1. Condensation between the active primary amine and the aldehyde could produce some water, which could react with the following added NaBH4.
2. How could the author avoid the decomposition of NaBH4 in water and the solvent?
3.The author has mentioned the possible antifungal activities of the target compound in the introduction portion, albeit in the conclusion, they did not mention the result.
4.It is better to provide the biological result of the compound, or at least supplement the ADMET evaluation via CADD.

Author Response

(1) Condensation between the active primary amine and the aldehyde could produce some water, which could react with the following added NaBH₄.

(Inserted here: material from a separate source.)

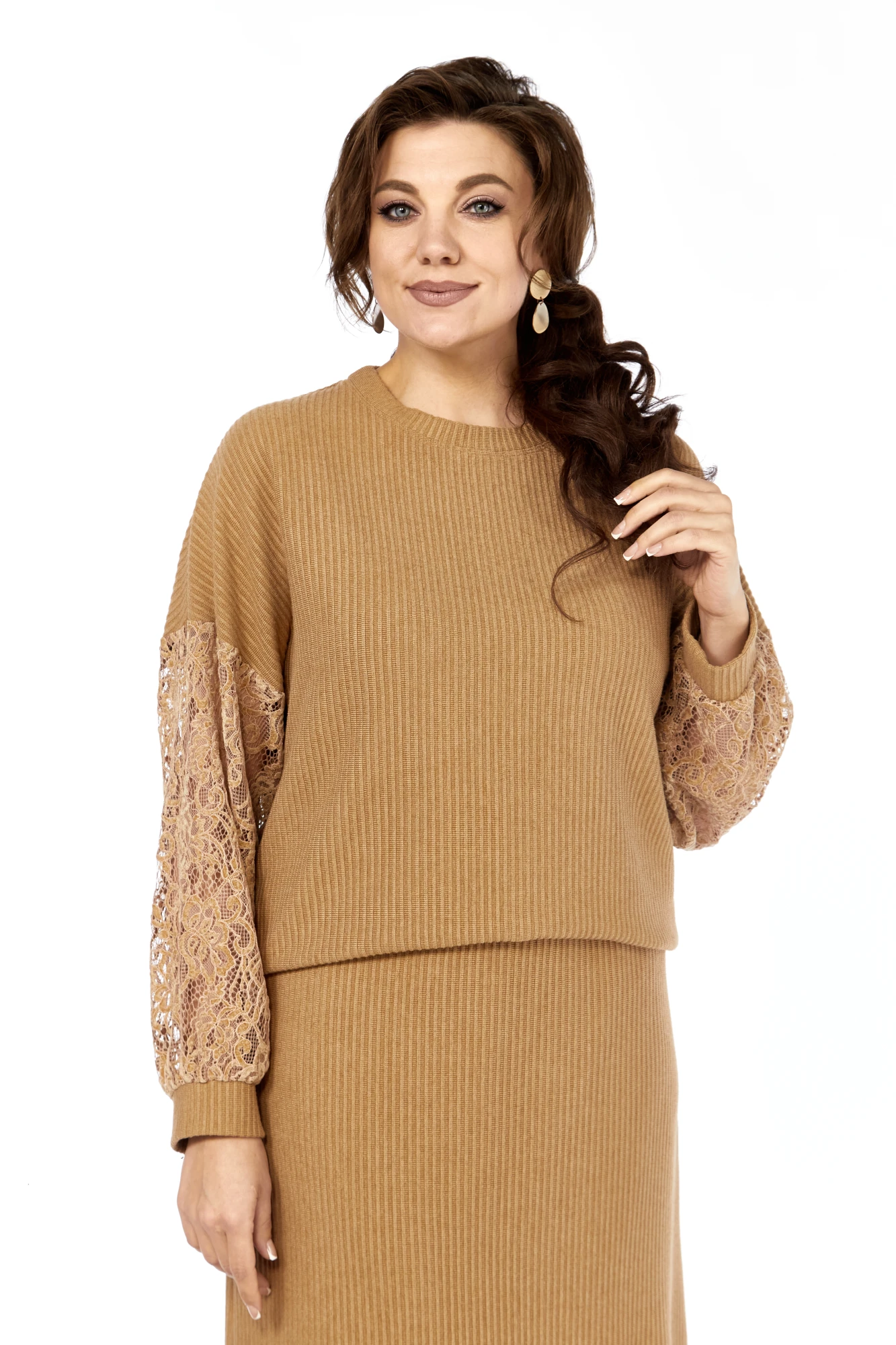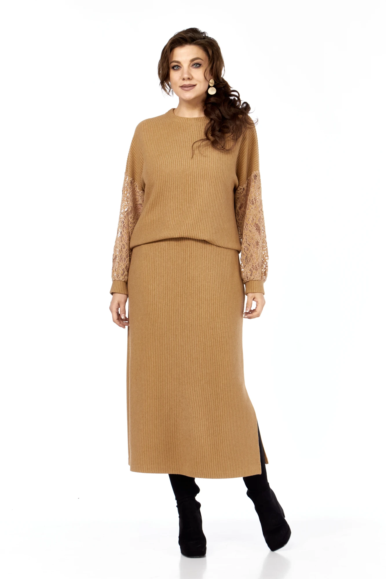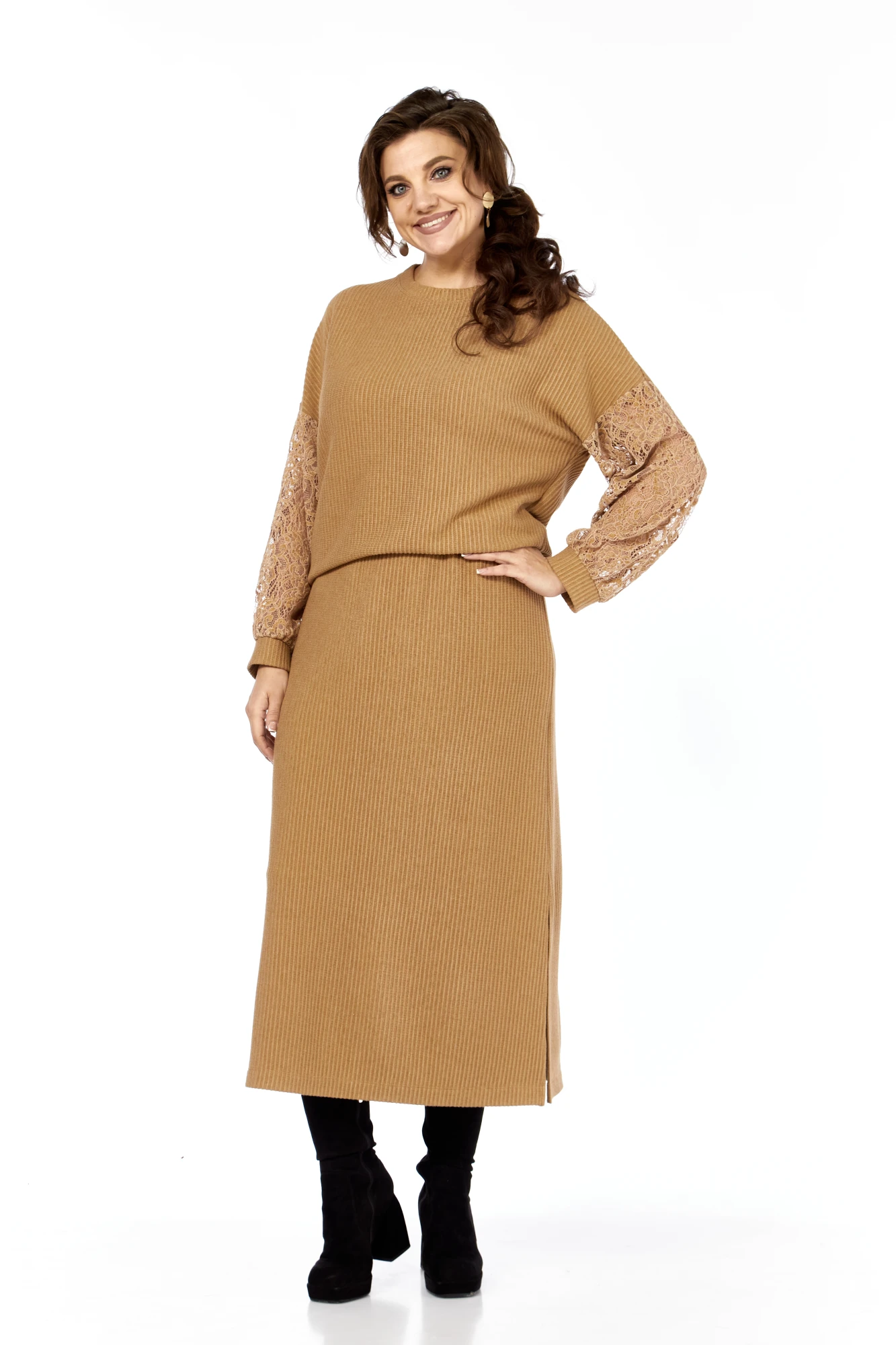 Осенний комплект джемпер и юбка, выполнен из мягкой и приятной к телу трикотажной ткани с добавлением натуральных нитей, рукава комбинированы кружевом - это идеальный выбор для стильных и изысканных дам. Данный юбочный костюм идеально подходит как для офиса, так и для неформального повседневного использования.

Thank’s reviewer. We included additional details in the experimental section related with the elimination of the water condensed on the walls of the open-topped tube under heating at 120 °C. In particular, the synthesized N-pyrazolyl imine is very stable under normal atmospheric conditions and high temperature. The following paragraph was included in the manuscript (red):      

“Then, the water vapor condensed on the walls of the open-topped tube was removed with a small piece of cotton attached to a spatula”.

(2) How could the author avoid the decomposition of NaBH₄ in water and the solvent?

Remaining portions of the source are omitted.